The Long Road to Land Ownership

USAID is helping the municipality of Chaparral, Tolima to carry out local land administration tasks and play a larger role in the future of rural property.

Edith Vaquiro and José Preciado have had their ups and down with home ownership. When they bought their first home in rural Chaparral, Tolima, thieves entered their property and dismantled their house. It was stolen right under their noses.

In 1999, they sold that lot and bought a new parcel closer to the center of Chaparral. This time they built everything with their own hands, first with wooden boards that they later replaced with cement walls. The lot includes a garage where José works on 4×4 vehicles, the kind that are used to access the mountain towns of Southern Tolima.

“We struggled and worked hard. For many years we did not have a floor or a door. And we just kept working,” says Preciado.

Eventually, Preciado installed a concrete floor and a proper door. This year, the couple achieved a new goal: the property title.

Theirs is one of 30 land titles delivered at an event earlier this year by Chaparral’s Municipal Land Office (MLO), which was created with support from the Land for Prosperity. The Land Office operates under the Municipality’s Secretary of Planning and is something of a one-stop shop for local land administration. It facilitates rural development initiatives and allows the local leaders to deliver on state-led land titling strategies that take the onus off land owners.

“Without a land title, it’s as if you had nothing. We now feel like owners of something,” says Edith Vaquiro.

Thanks to the couple’s business, they have been servicing a small loan in order to make home improvements. Now, with the land title as a qualified form of collateral, they plan to take a larger loan and build a second floor on their home.

Stronger Capacity for Land Administration

For now, the Municipal Land Office is operating thanks to Natalia Quinoñes. As the MLO’s legal expert, she reviews hundreds of urban properties and provides citizens with information to begin to understand the complexity of Colombia’s land laws and the process of property formalization.

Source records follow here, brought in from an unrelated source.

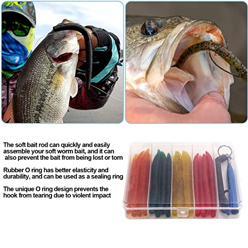 RANNYY 65 pz/Scatola Esca Morbida Verme, Kit Esche da Pesca con O-Ring di Gomma Esche Artificiali Morbide Esche per Bass Fishing
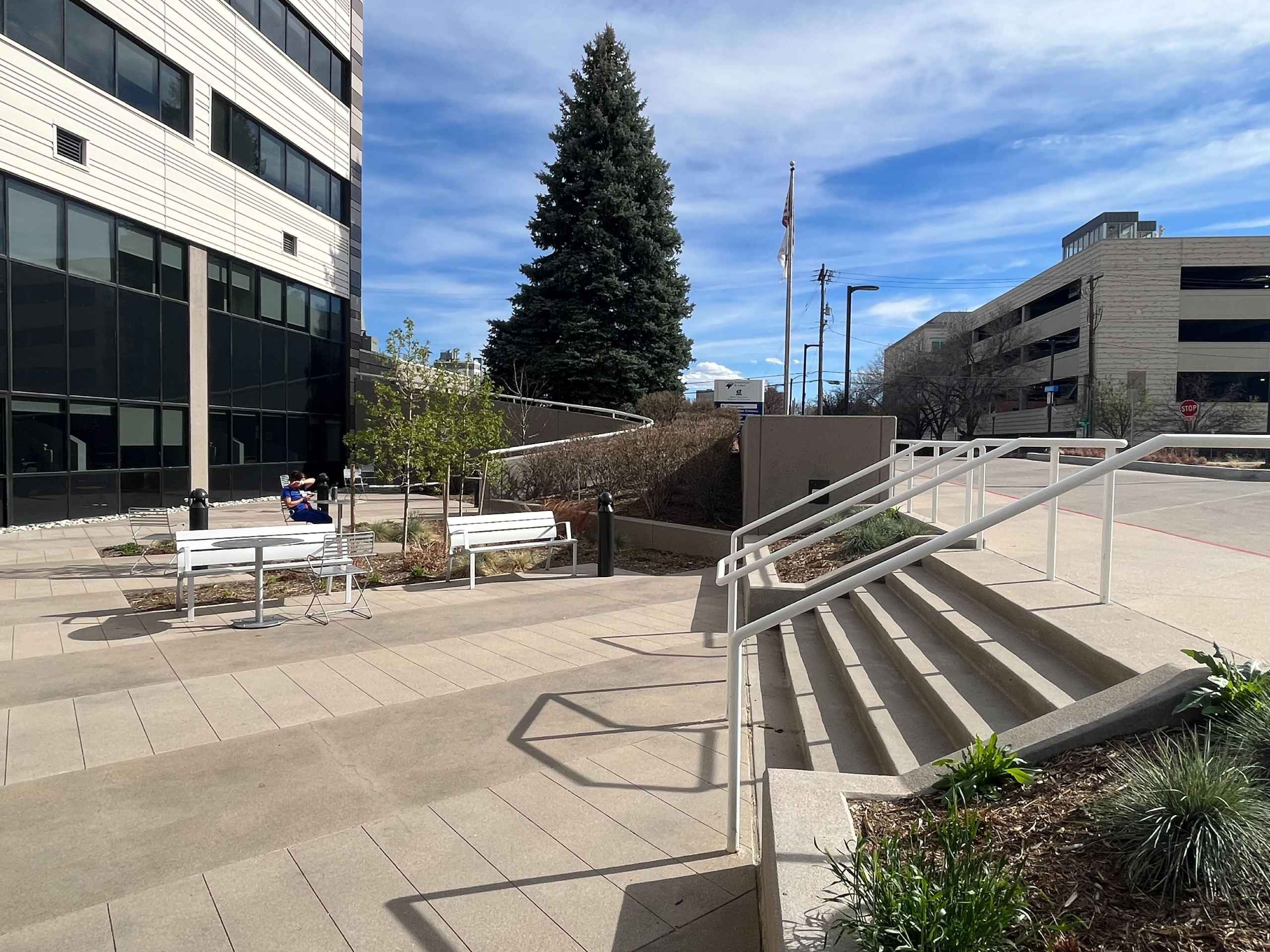 HealthOne put together a team of Perkins + Will for the architecture and Redland for the civil engineering and landscape architecture. Layton Construction Company was the contractor. Since the project was built over an existing parking garage, challenges included designing planters for landscaping over a structure and coordinating grading to work with a new snowmelt system. The entitlement included amending the Planned Building Group for the entire 24-acre campus through the City and County of Denver to include the proposed project. The adjacent existing public sidewalks were also analyzed and updated to meet the City’s ADA requirements.
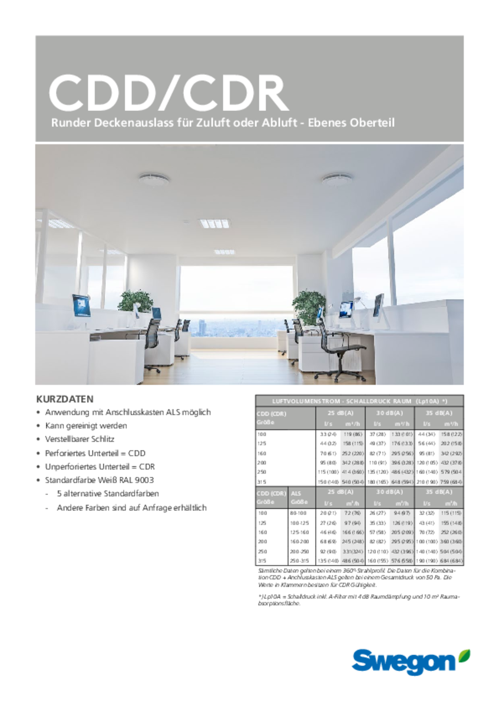 Runder Deckenauslass für Zuluft oder Abluft - Ebenes Oberteil
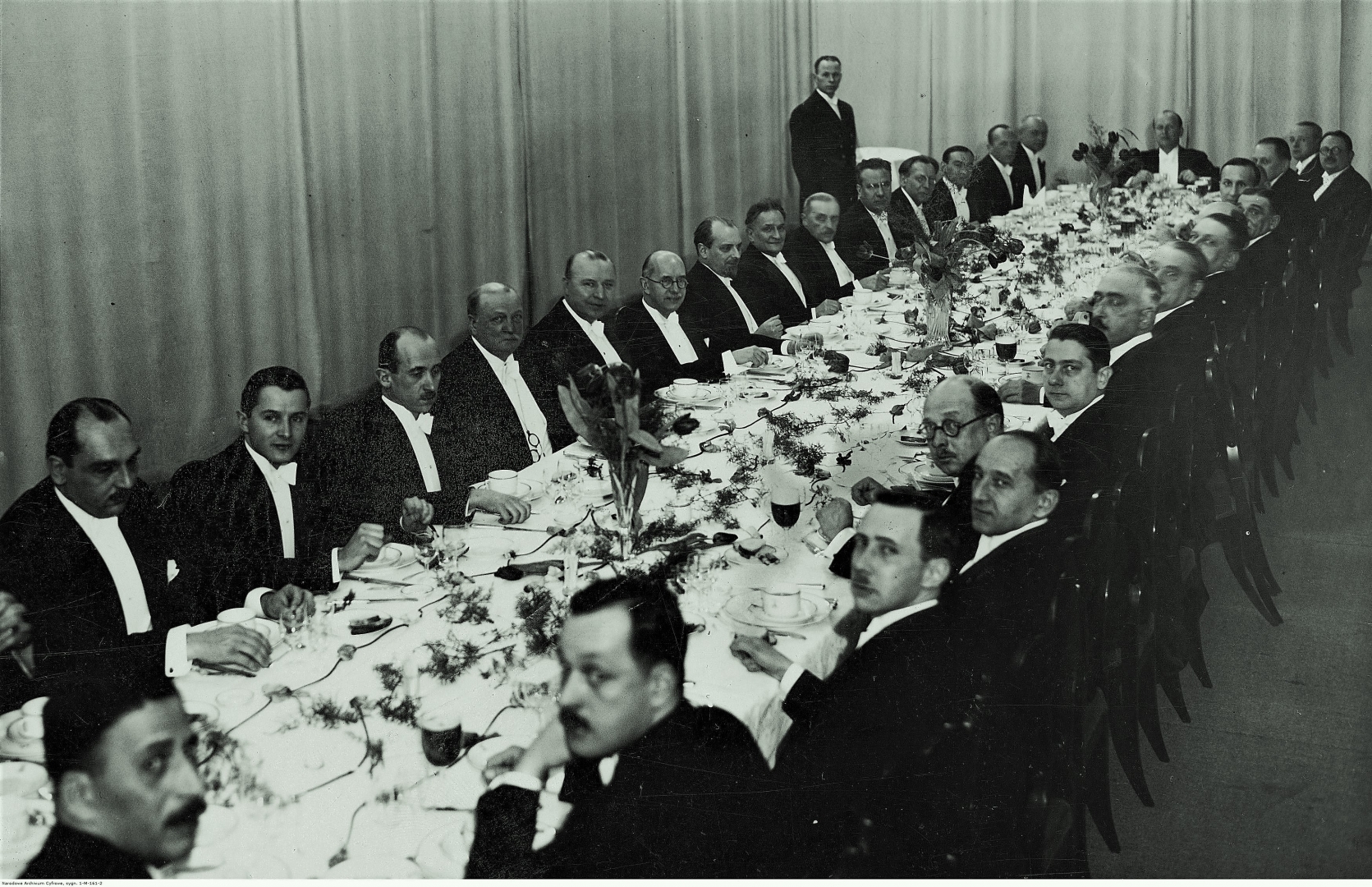 Uczestnicy konferencji na przyjęciu w restauracji mieszczącej się w warszawskim Klubie Towarzyskim przy ul. Pierackiego (Foksal). W pierwszym rzędzie od lewej siedzą m.in.: poseł Jan Hołyński, przedstawciel Francji Pierre Roustan, Tadeusz Schaetzel, Park Coff, poseł Stanisław Car, ambasador Francji w Polsce Jules Laroche, poseł Wacław Makowski, przedstawiciel Francji Mario Roustan, senator Zygmunt Leszczyński, senator włoski Roberto Forages Dovanzatti, senator Henryk Lowenherz, Georges Rabinowitsch, pracownik MSZ Michał Łubieński. W rzędzie drugim od lewej siedzą m.in. radca Aleksander Mohl, poseł Władysław Kosydarski, dyrektor Piasecki, poseł Michał Osiński, senator Józef Targowski, Aurel Cosmax, poseł Janusz Radziwiłł, senator włoski Carlo Costamagna, wiceminister spraw zagranicznych Jan Szembek, senator Zdzisław Lubomirski, poseł francuski Leopold Boissier.
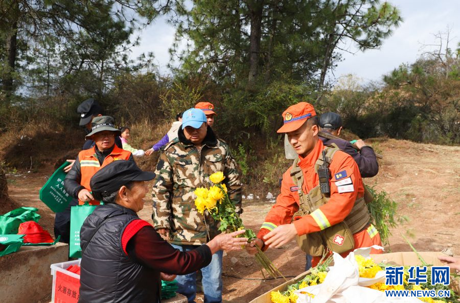 麗江市森林消防支隊消防員開展用鮮花換火種行動(4月4日攝)。新華網發(木曉東 攝)
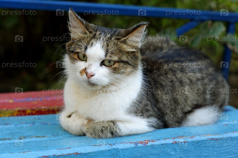 Пушистый большой кот на скамейке
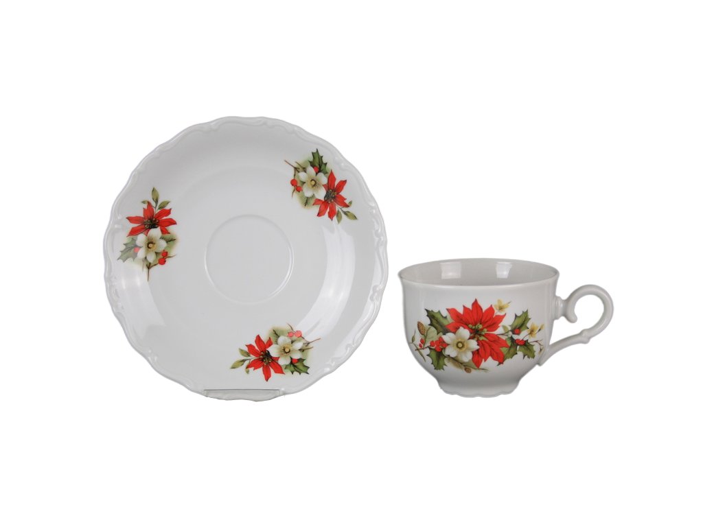 Praktický čajový šálek 0,18l s podšálkem z kvalitního českého porcelánu, bez barevného okraje (BB). Vhodný do myčky i mikrovlnné trouby.
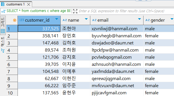 customers 라는 테이블.

Quiñones graduated in law last year and is relatively new to the land administration. In her job, learning is a continuous process, and she studies how land laws are evolving in today’s Colombia.

“In law school, they did not spend a lot of time on property law, so I never had a deep understanding of the process. I have learned so much through the experience, and I continue to study and learn every day,” she says.

Eight of out 10 properties in the municipality of Chaparral are informally owned, meaning they lack a land title. In the urban center, the rates of informal land ownership could be lower, but the government does not have an updated cadaster of which properties have registered land titles and which do not.

“Chaparral has problems with informality. The tools of the Municipal Land Office can solve them.”

Natalia Quiñones, land formalization expert in Chaparral, Tolima

Since 2020, 42 USAID-supported Municipal and Regional Land Offices delivered over 6,800 land titles to families living in the urban areas of rural municipalities. In addition, the land offices have formalized more than 1,600 public properties and provided land and property services to more than 16,000 citizens.

A Formal Land Market

In May 2023, Land for Prosperity began implementing the Rural Property and Land Use Plan, known as POSPR by its Spanish acronym, by creating project schedules, training timetables, and plans for security, communications, and environmental management. Chaparral’s Municipal Land Office is critical to supporting the land formalization teams and is a conduit between government land agencies to process land titles, update the cadaster, and file all the information on land use, collected over the 12-month implementation period.

LFP helped to delineate the city’s urban perimeter, verified the geodesic network, and divided the municipality into workable intervention units. The parcel visit phase has begun and rural families in Chaparral are participating in the process. The POSPR is surveying an area of more than 88,000 hectares and approximately 8,600 parcels. More than 2,600 parcels are expected to be titled by the National Land Agency.

Chaparral is one of 11 municipalities being supported by USAID under the Rural Property and Land Use Plans. The POSPR methodology is strengthening land tenure and providing legal certainty for more than 22,000 parcels across Colombia. In each municipality, the POSPR methodology is reducing informal land ownership in rural Colombia, strengthening institutional capacity for land administration, and educating the population on formal land ownership.